Сама не знаю, откуда во мне взялась эта дерзость, но я решила навестить Артура. Немедленно. Через сугробы. У меня сосало под ложечкой – голод, который не смог бы утолить ни один хлеб – но я торопливо зашагала по адресу, который мне дали. Зубы стучали. Больше от нервозности, чем от мороза, который все не ослаблял хватку, хоть погода в столице и стала более серой. Снег излучал больше света, чем небо. И становился тем более ослепительным, чем ближе я подходила к искомому дому.
Однажды перед завтраком, когда у меня от голода урчало в животе, он рассказал мне о времени своей учебы в маленькой пекарне к югу от Лондона. Он выпек авторский хлеб к Рождеству, не поскупясь на хорошее масло и яйца. В придачу он добавил специи, мед, сушеные фрукты и орешки; чтобы добиться сложного декоративного узора на поверхности, тесто пришлось разделить на много полос. Но пекарь не впечатлился. «Такой хлеб сделает кто угодно, – фыркнул он. – А ты попробуй испеки самую что ни на есть обыденную, повседневную буханку. Вот где видно настоящего мастера!»
Может, из-за особого света или краткой беседы в кафе я задумалась о временах моей собственной учебы в академии художеств. То, что я начала там учиться, отнюдь не было само собой разумеющимся. Шрифтовой зуд прошел после девятого класса. Причиной могло стать разочарование в Хенрике. Или смерть дедушки. Искра, которую я получила в подарок после удара молнии, погасла. Я прекратила искать. Я потеряла веру в то, что смогу совершить невозможное. Любовная боль из-за Иоакима усугубляла чувство разочарования. Я вычеркнула дурацкие слова из четырех толстых книг. Сама любовь казалась истрепанной и затертой до дыр. Неправдоподобной. И хуже всего: я находилась в состоянии стагнации, я видела себя со стороны, видела себя уже вписанной в распорядок будней, в навевающую сон обыденность, в которой протекала жизнь моих родителей. Меня со всех сторон окружала болтовня. Я угодила в западню из череды повторений и пустословия.

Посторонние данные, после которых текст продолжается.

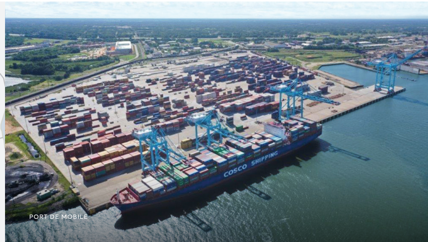
PORT DE MOBILE
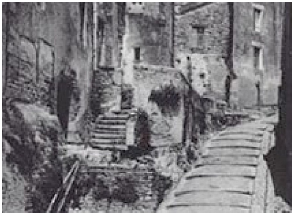
Office de Tourisme | Damgan, La Roche-Bernard, Muzillac
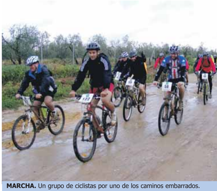
MARCHA. Un grupo de ciclistas por uno de los caminos embarrados.

A las nueve y media se daba la salida a la marcha, en la que finalmente tomaron parte unos 180 aficionados a la bicicleta, comenzando su recorrido, en primer lugar, por las calles de Gines. A un ritmo lento, y
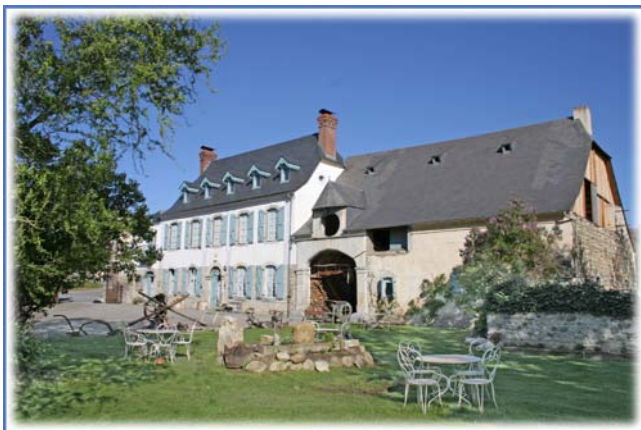
La maison Burret
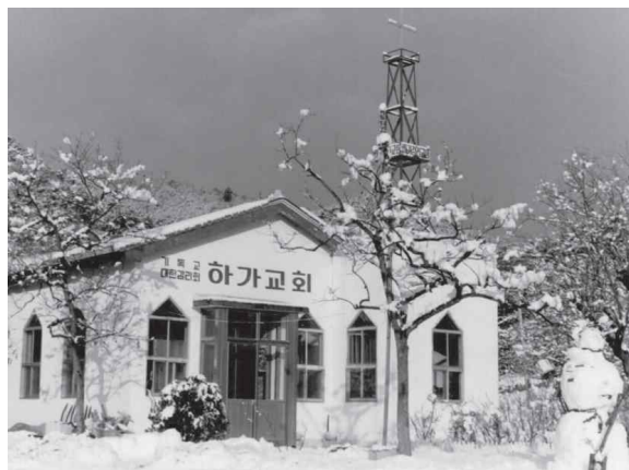
산양2리 옛 하가교회 2
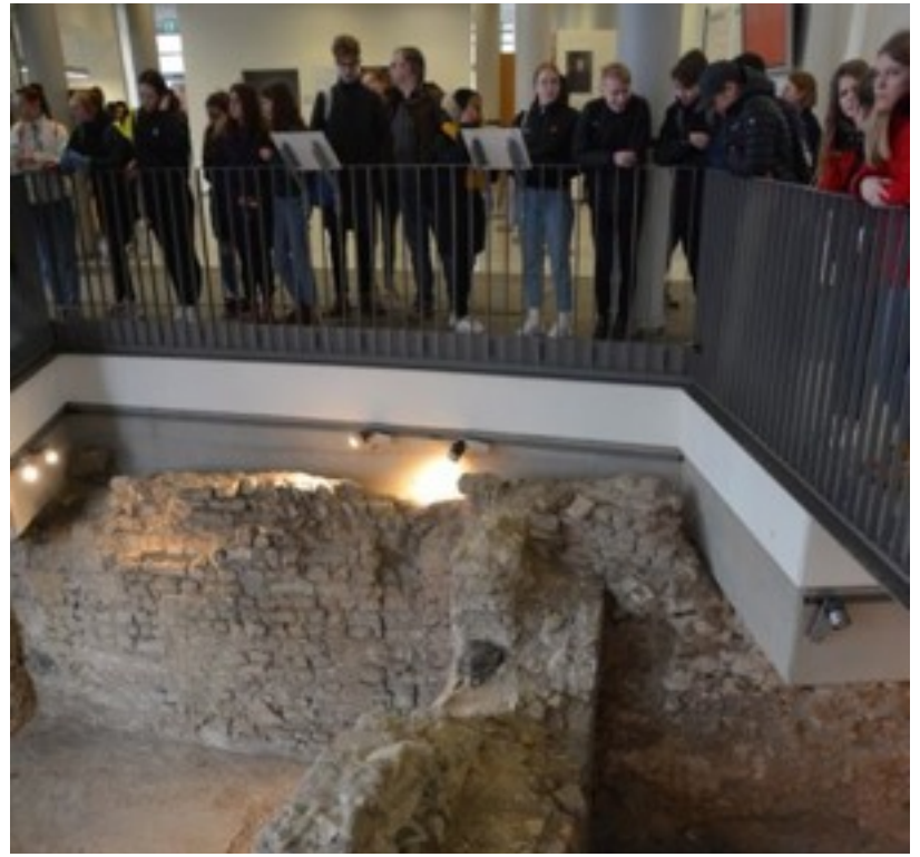
There has been a Roman military camp from 16 A.C.

On Sunday we went to the Neanderthal museum. Before the museum we walked in a park and saw some animals like horses and cattle. I liked the museum. It told about the history of man. After it we went to an Italian restaurant. The food was excellent. Then we went skating to a skating hall. I met there few of my partner's friends. Skating was fun and I enjoyed the music as well.
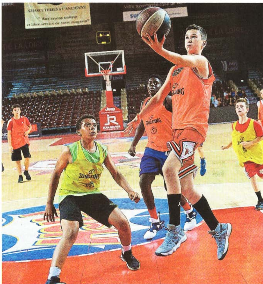
Cholet, salle de la Meilleraie, hier après-midi. Durant la journée, les ateliers alternent avec des matchs, sous les yeux des entraîneurs.

L'image et l'histoire du club attirent ainsi des basketteurs venant de toute la France, parfois même de l'étranger. « Deux des jeunes viennent d'Espagne. D'autres de Guadeloupe, de Martinique, de Guyane. » Il faut dire que le « all of fame » des anciens des camps d'été de CB a de quoi faire
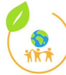
AK Lokal - Sozial - Global

В Вестланне у меня жила тетя со стороны отца. Мы регулярно ее навещали. Во время одного из таких посещений, летом, мои младшие двоюродные братья получили в подарок модель железной дороги и выстроили на полу своей комнаты прихотливую – по их меркам – конструкцию, где электрический поезд ехал по местности с туннелем и всем, чем полагается. Была там только одна ошибка. Поезд шел по одной и той же петле, раз за разом. Это зрелище сводило меня с ума. Когда братья были на прогулке, я перевела стрелки в таком месте, где они бы этого не заметили, перед самым выездом из туннеля. Когда они запустили поезд, ожидая, что, выехав из длинного тоннеля, тот впишется в поворот, состав изящно съехал на пол, не опрокинувшись. Никогда не забуду, как они в изумлении разинули рты – и гордый локомотив, который вырвался из петли и потащил за собой вагоны к открытой двери, в сторону сада.

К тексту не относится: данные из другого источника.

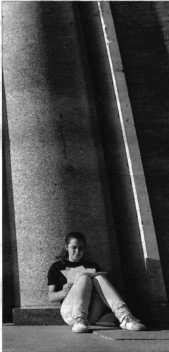
La falta de salidas profesionales influye en el abandono escolar.

Hay incongruencias de todo tipo. La crisis está llevando al paro a los arquitectos y a los ingenieros de obras públicas, pero ambas carreras mantienen una elevada nota porque
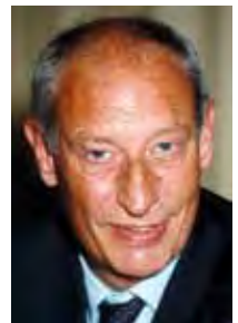
Klaus Laepple Präsident des Bundes- verbandes der Deutschen Tourismuswirtschaft
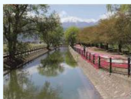
題名:「拾ヶ堰の春」 撮影場所:長野県安曇野市 疏水名:拾ヶ堰
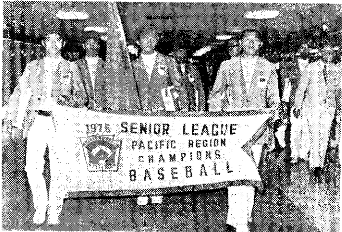
中華青少棒隊奪得遠東區青少棒球賽代表權 (中央社)

中國大陸災胞救濟總會，呼籲海內外同胞發揮民族同胞愛，本人饑己饑、人溺己溺的人道立場，踴躍捐輸，儘速救濟大陸災胞，各界捐款由台灣銀行及其各地分行支行代收，
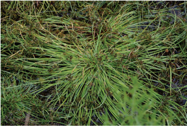
Braunes Zypergras Cyperus fuscus Vouvaris/Achladeri Creek 27.9.14
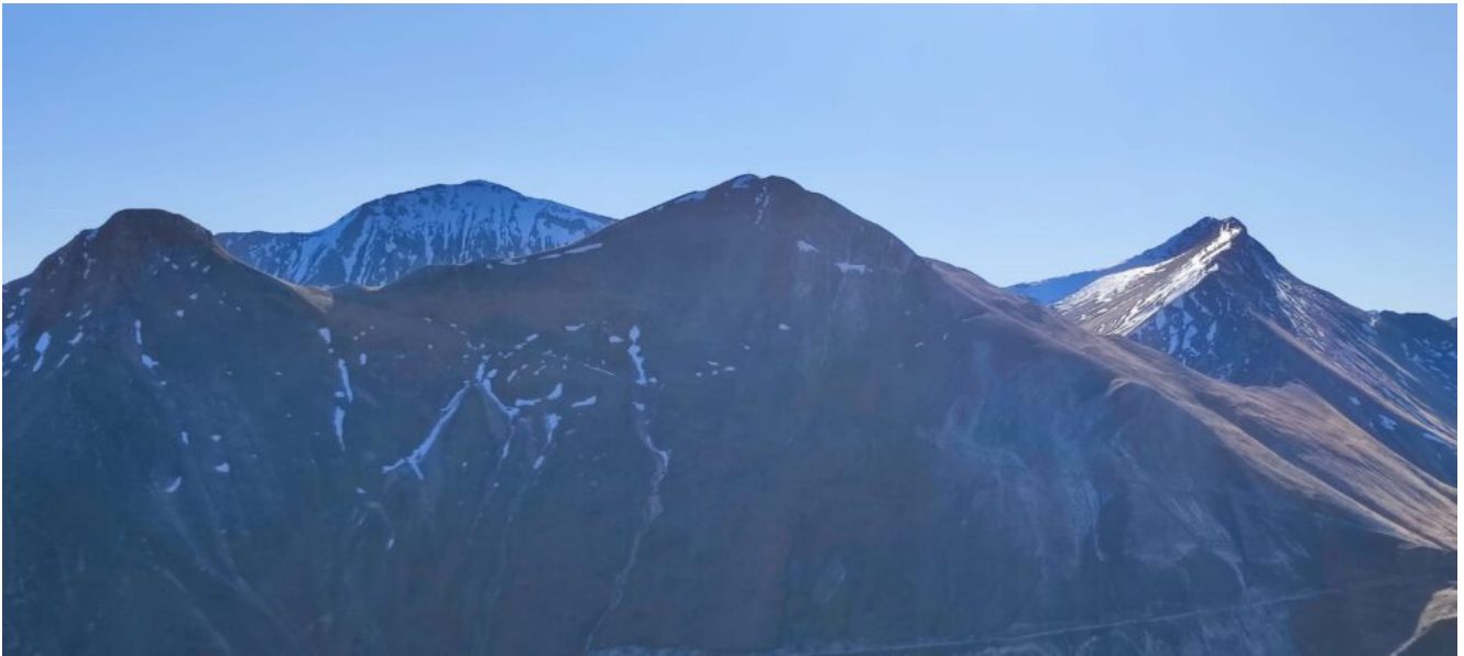
28- Panoramica dalla Forcella Cucciolaria.
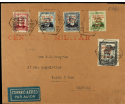
1830 50 €
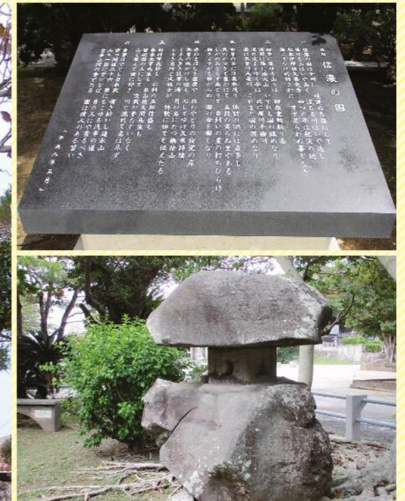
【建立年月日】 1964年4月6日 【石碑の大きさなど】 高さ330cm / 幅300cm / 重さ11,285kg
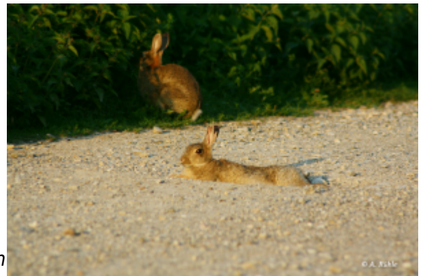
Abb. 2: Wildkaninchen beim "Sonnenbaden" Kaninchen werden in der Literatur häufig als „überwiegend dämmerungs- und nachtaktiv“ beschrieben. Daraus könnte man schließen, dass sie eigentlich nur sehr selten natürlichem Sonnenlicht ausgesetzt sind. In ihrer Dissertation zitiert Hansen, 2012 15) eine Aussage von Kamphues, 1999 16) , nach der es diskussionswürdig wäre, „ob die unter natürlichen Bedingungen tagsüber in unterirdischen Höhlen lebende und im Wesentlichen nur nachts aktive Spezies überhaupt einen „üblichen Vitamin D-Bedarf“ hätte, da die notwendige UV-Strahlung zur

Umwandlung des mit der pflanzlichen Nahrung aufgenommenen Vitamin D 2 (Ergocalciferol) unter diesen Bedingungen ohnehin fehle. Abb. 3: Wildkaninchen beim "Sonnenbaden" Zum einen widersprechen die vorangestellten Ergebnisse aus Literaturangaben dieser Annahme, zum anderen zeigen Beobachtungen verschiedener Gruppen von Wildkaninchen an verschiedenen Orten, dass diese auch tagsüber mehr oder weniger Zeit außerhalb des Baus verbringen.
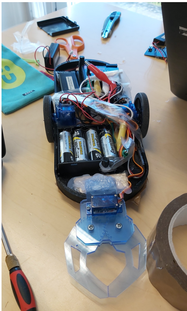
Figur 1 – Mars Rover
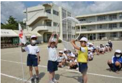
2年「ちびっ子台風」のゴールの様子

参観していただいた何人かの保護者の方から，「昨日の運動会ありがとうございました。がんばっている姿にとっても感動しました。」などというお話をいただきました。参観していただいて本当によかったと感じました。今後も感染症対策などを工夫・改善して子どもたちの様子を保護者の皆様に届けられるようにしていきたいと思ひます。
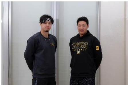
【2023 猛虎打線の核はオレたちだ！】
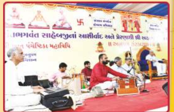
અનુપમ સૂરવંદના સંતો-યુવાનો દ્વારા કીર્તનભક્તિ અર્પણ
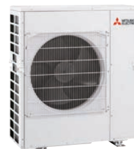
MXZ-4E83VAHZ MXZ-4F83VFHZ 4 connexions
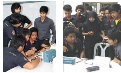
ภาพที่ 5 การจัดการเรียนการสอนโดยมีผู้สอนแนะนำให้ความรู้รายกลุ่ม

ความคิดของผู้เรียนให้เป็นการเรียนรู้แบบยั่งยืนและผู้สอนยังสามารถควบคุมชั้นเรียนได้ง่าย กล่าวคือผู้สอนสามารถแก้ปัญหาการเรียนให้แก่ผู้เรียนเฉพาะกลุ่มที่มีปัญหาการเรียนได้โดยแสดงการควบคุมชั้นเรียนได้ดังภาพที่ 5 ซึ่งมีการแก้ไขจากปัญหาความแตกต่างของระดับความรู้ของผู้เรียน
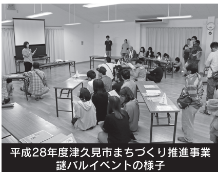
平成28年度津久見市まちづくり推進事業 謎バルイベントの様子

平成29年度台風第18号により、津久見市全域において甚大な被害を受けました。市中心部の各商店においても未だ災害の爪痕が残っています。そこで、津久見市商店街エリアに元気を取り戻し、賑わいの創出につながる等、復興まちづくりに寄与する事業を実施していただける団体および個人の募集を予定しています。
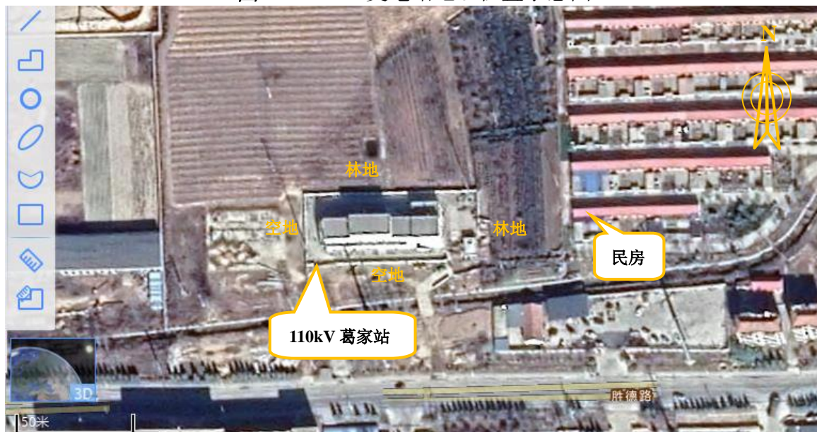
图 4-2 110kV 变电站周围关系影像图

Старшая школа была как один длинный зевок. И чтобы пробудиться от спячки, я по-прежнему делала макияж «по-египетски», все более и более нарочито, особенно ярко подводя глаза. Чем чаще я заглядывала в учебники, тем яснее я видела, что слова пролетают мимо сознания. Объяснения казались неубедительными. В тот период закрались подозрения: возможно, неглупые и вполне интересные мнения не производили на меня впечатления, потому что сам алфавит никуда не годился. Потому что сам инструментарий был с браком. Все существенное знание оставалось сокрытым. Письменные знаки не врезались в действительность, как топор деда врезался в кору дерева, когда он – только щепки летели – вырубал «Е», и буква светилась. Подозрения подтвердились, когда я сличила два издания «Алисы в Стране Чудес».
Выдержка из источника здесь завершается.